In South Carolina, there have been at least 22 cases associated with an outbreak in the northern region of the state, and more than 100 unvaccinated children were quarantined for weeks after a measles exposure at school. The state health department sent a mobile health unit to the area to offer the free MMR vaccine, but uptake has been lower than leaders expected: Only 21 people used the resource over the past week.
“While we are pleased that 21 people have chosen to receive the vaccine, the observed increase is largely attributed to adults, contributing less to herd immunity in school populations where we have seen the greatest spread so far during this outbreak,” Louis Eubank, director of the state health department’s Office of Emergency Preparedness and Response, said in an email. “We remain hopeful that more parents of unvaccinated children will make an informed decision to take advantage of this opportunity to protect their children from serious illness.”
The measles outbreak along the Arizona-Utah state line has grown to more than 100 cases since mid-August, spreading largely in unvaccinated communities. Last year, nearly 1 in 5 kindergartners in Utah’s southwestern district, where the outbreak is growing, lacked documentation of having received the MMR vaccine, more than in any other region and twice the state average.
As measles has spread across the country and locally, Utah public health officials report an increase in vaccinations: 32% more MMR vaccinations statewide between March and September than the same period last year.

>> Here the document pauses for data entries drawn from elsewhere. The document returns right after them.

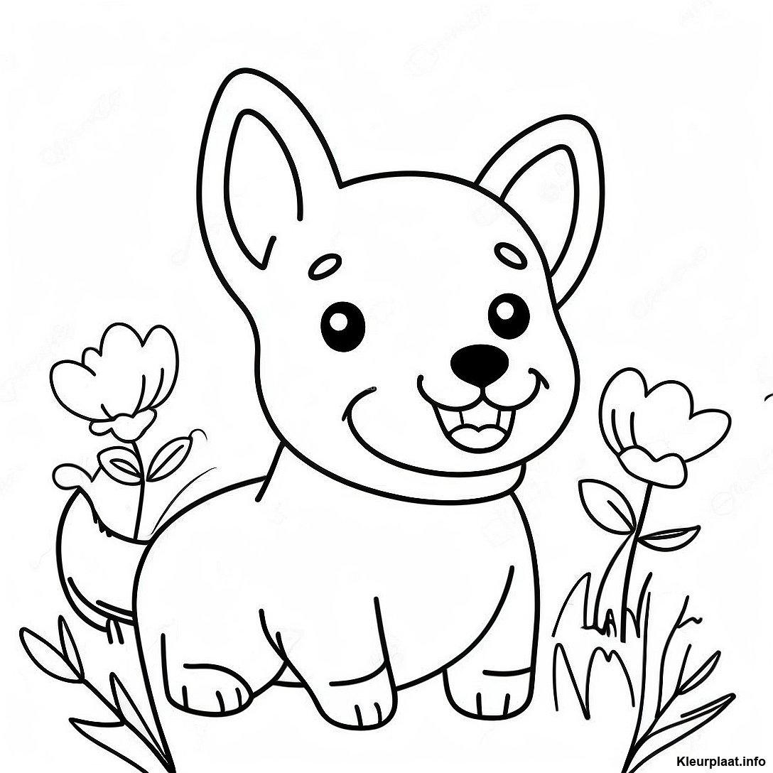 Gelukkige Corgi Met Bloemen Kleurplaat
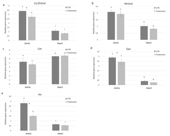 Cu/ZnSod, MnSod, Gpx, Cat and Ho mRNA expression levels were evaluated in both heart and aorta from control and APH-treated mice to assess the possible antioxidative role of anchovy protein hydrolysates. Gene expression analysis revealed that most of the antioxidative markers were modulated by the supplementation of protein hydrolysates in the diet, although at different levels (Figure 10). Only Cat expression did not show differences in heart and aorta from both experimental groups. Although mRNA expression level of Cu/ZnSod, MnSod, Gpx and Ho decreased in heart compared to aorta tissue, the treatment with protein hydrolysates induced a down regulation of superoxide dismutases: Cu/ZnSod expression was significantly decreased in aorta (1.24 times) from treated mice (Figure 10a); MnSod expression decreased 1.1 fold in aorta and 1.24 in heart from treated mice although this difference was not significant (Figure 10b). Similar expression patterns for Gpx and Ho mRNA levels were observed, with a significant difference in aorta Ho and Gpx levels where the treatment with protein hydrolysates induced a 1.87- and 1.19-times decrement in the gene expression, respectively (Figure 10c–e). The obtained results show that protein hydrolysates from anchovy are able to modulate the oxidative response and play an antioxidative role in ApoE KO mice.
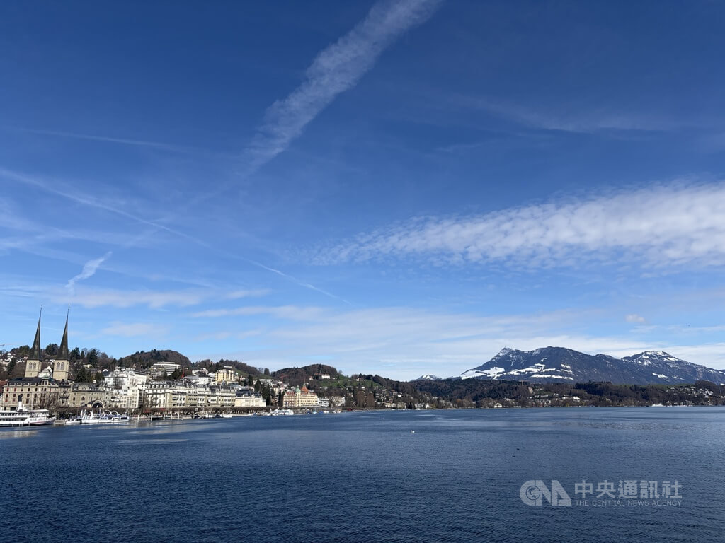 雪山湖景是瑞士琉森著名的觀光特色,旅遊旺季時湖畔是觀光巴士的下車地點,總有滿滿人潮,目前散客零星。中央社記者郭芳君琉森攝 115年3月23日
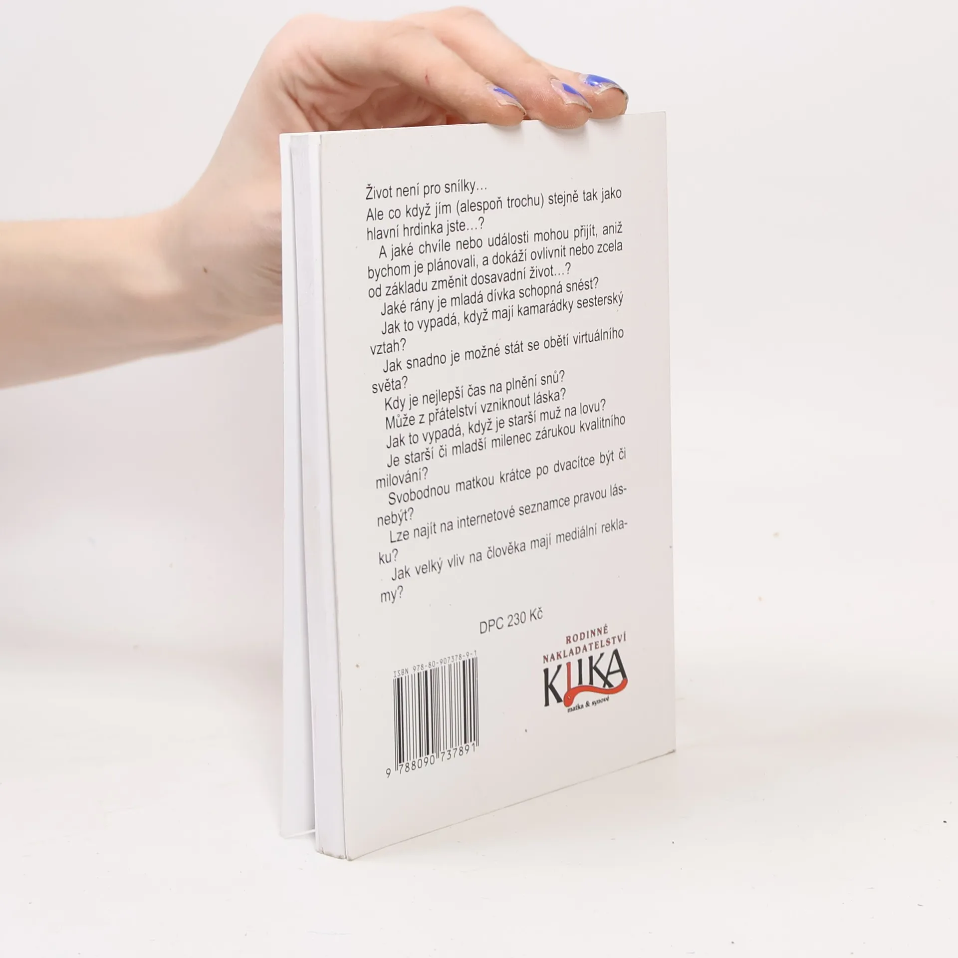 Život není pro snílky… Ale co když jím (alespoň trochu) stejně tak jako hlavní hrdinka jste…? A jaké chvíle nebo události mohou přijít, aniž bychom je plánovali, a dokáží ovlivnit nebo zcela od základu změnit náš dosavadní život…? Jaké rány je mladá dívka schopná snést? Jak to vypadá, když mají kamarádky sesterský vztah? Jak snadno je možné stát se obětí virtuálního světa? Kdy je nejlepší čas na plnění snů? Může z přátelství vzniknout láska? Jak to vypadá, když je starší muž na lovu? Je starší či mladší milenec zárukou kvalitního milování? Svobodnou matkou krátce po dvacítce být či nebýt? Lze najít na internetové seznamce pravou lásku? Jak velký vliv na člověka mají mediální reklamy?
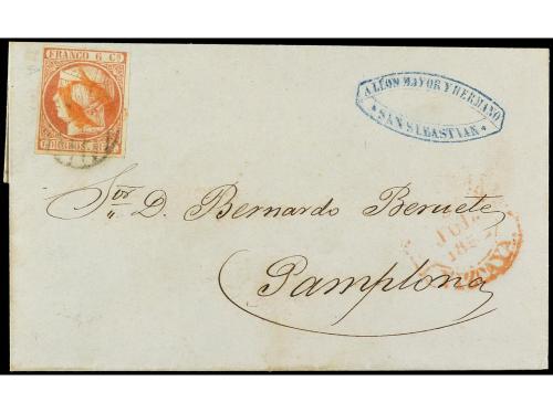 ESPAÑA. Ed. 12. 1852. SAN SEBASTIAN a PAMPLONA. 6 cuartos rosa, mat. parrilla y O en rojo estampado a la llegada. Rara obliteración sobre el sello, no conocemos ningún otro ejemplar. Cert. CEM.
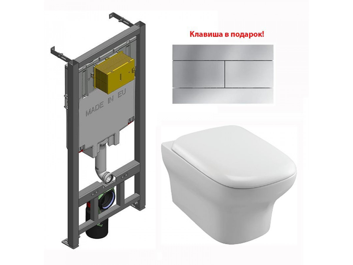 Инсталляция Jacob Delafon с безободковым унитазом Jacob Delafon Vox, крышка микролифт, клавиша хром в подарок, EDM102-00/E20142-00/E29025-NF/E4316-CP
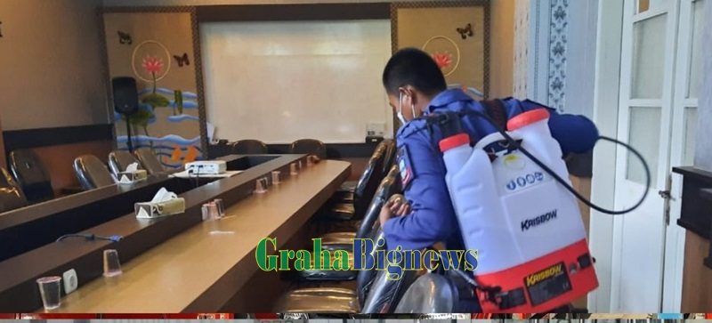 Oleh : Wishnoe Ida Noor Garut – Dinas Pemadam Kebakaran Kabupaten Garut kembali menggelar penyemprotan cairan disinfektan di lingkungan Pendopo
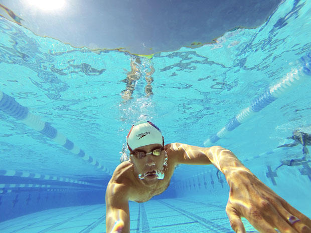 Multitalented Jordan Rapp takes an underwater selfie during a swim workout.
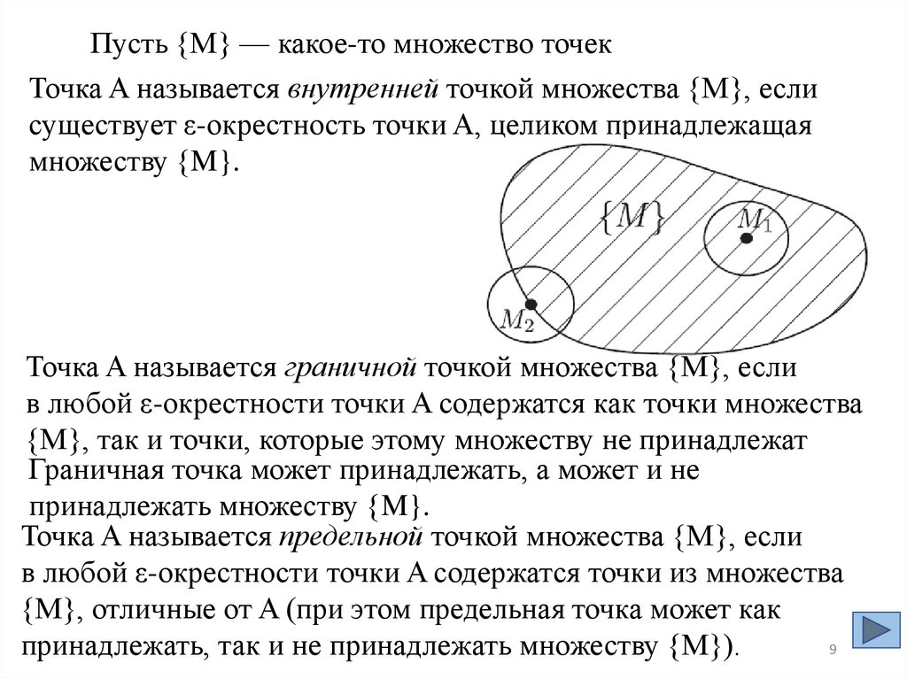 Пусть {M} — какое-то множество точекТочка A называется внутренней точкой множества {M}, если
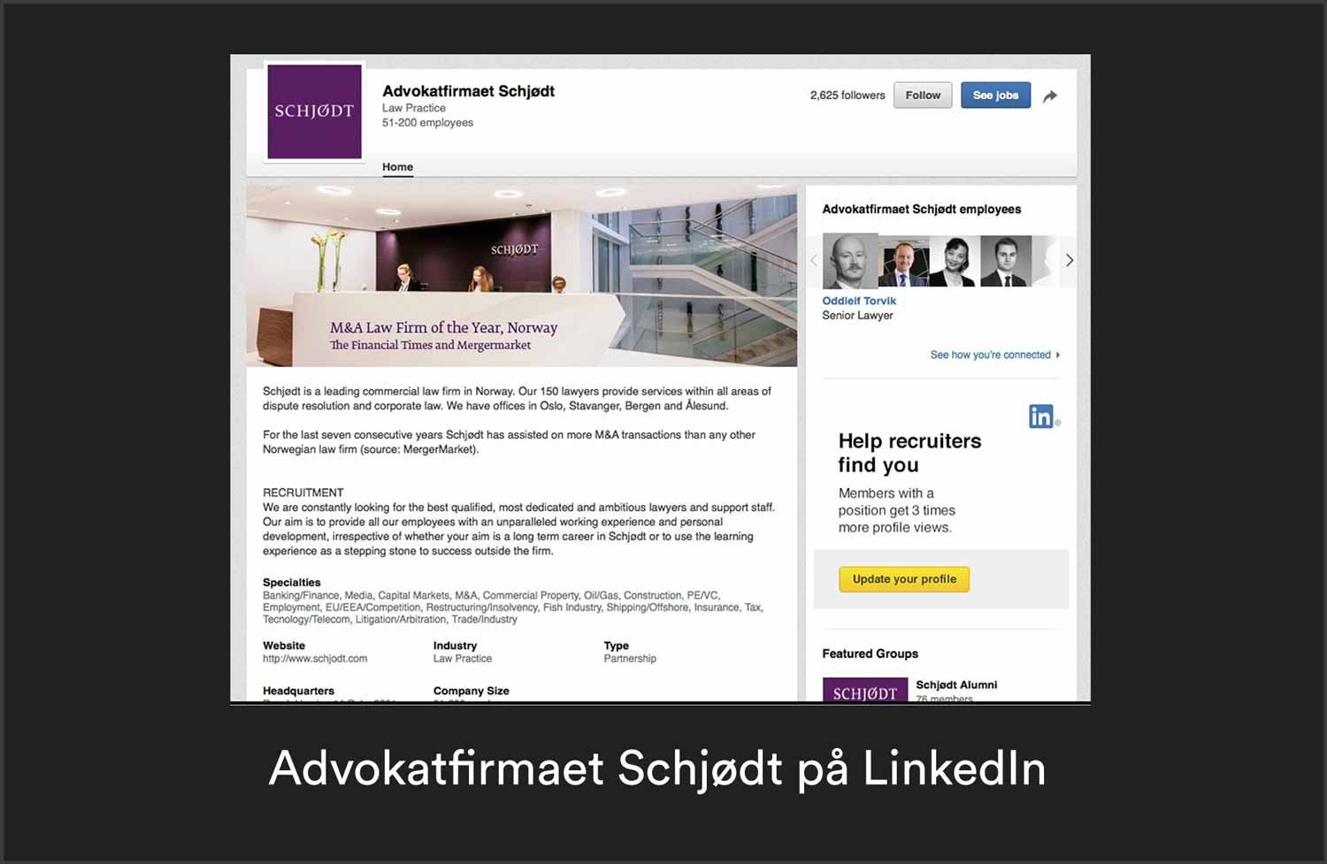 Advokatfirmaet Schjødt viser stor evne til å bruke LinkedIn effektivt, med sine 2600 følgere. Jevnlige oppdateringer, og mye innhold har gjort at LinkedIn plasserer dem på toppen av søkeresultatene innen ordet “advokat”.
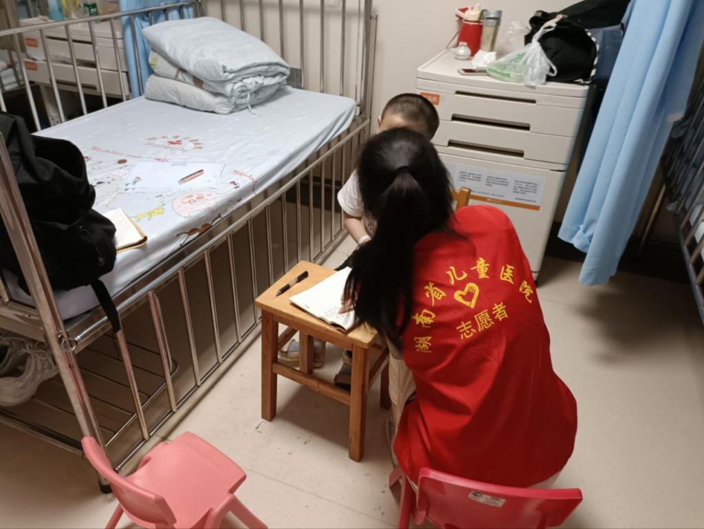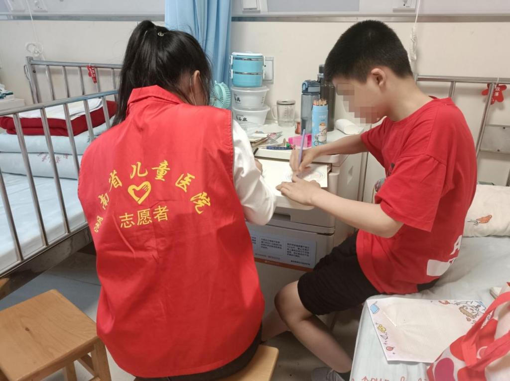 活动当天是母亲节,志愿者们提前到达湖南省儿童医院领取志愿服,与医院的活动负责人沟通好注意事项后,便分为两组开展活动。一组志愿者拿出提前准备好的纸和笔,和孩子们一起制作母亲节贺卡。孩子们个个踊跃参与,发挥自己的想象力,制作了一份份别致的母亲节贺卡,为母亲送上自己的祝福。另一组志愿者则对孩子们的学校作业以及课堂学习中遗留的难点问题,进行了耐心细致的讲解,循序渐进的引导帮助孩子们解决学习中的难题,有针对性地解决了孩子们在医院无人辅导课业的问题。
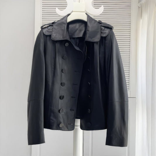 Enhance your office wardrobe with our Women’s Black Genuine Sheepskin Double Breasted British Style Smooth...
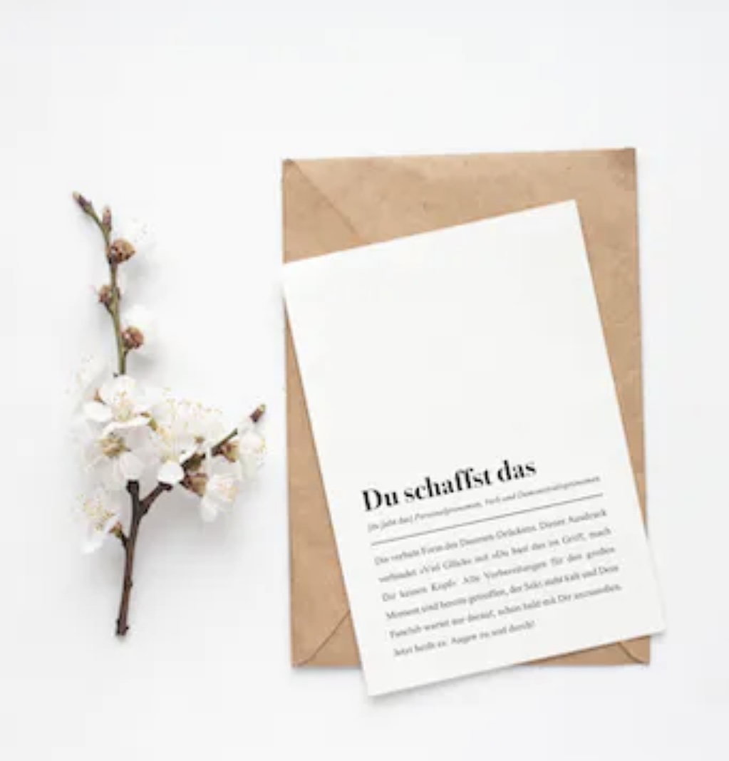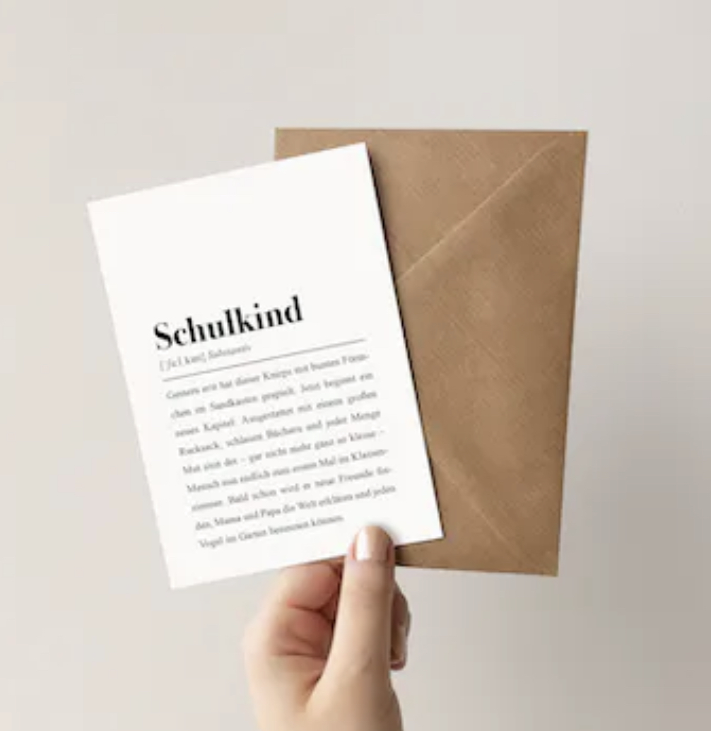 Die Definitions-Texte sind einzigartig und von uns mit ganz viel Herz und Witz verfasst. Die Karte ist vorne mit der Definition bedruckt, innen ist sie weiß und beschreibbar. Auf der Rückseite befindet sich ein kleines Logo unserer Manufaktur. Die Karte ist klimaneutral auf extra dickem 400g/qm Papier gedruckt. Sie fühlt sich stabil und wertig in der Hand an.

But vaccinations increased by only half in the Southwest District (up 16% year over year), contributing to widening coverage disparities.
Researchers at McMaster University say vaccine hesitancy is fueled by a “complex combination of personal, social and environmental factors.”
They said individual behaviors are influenced by the community, both in physical proximity and through social networks.
“This dynamic can also lead to localized pockets of undervaccination that benefit the unprotected through herd immunity, but also risk unvaccinated groups becoming high-risk groups if that protection deteriorates,” they wrote in a recent analysis published in The Conversation. “The COVID-19 pandemic has shown how harmful misinformation, misinformation, gaps and information gaps, including immunization coverage and vaccine hesitancy, can be to public health.”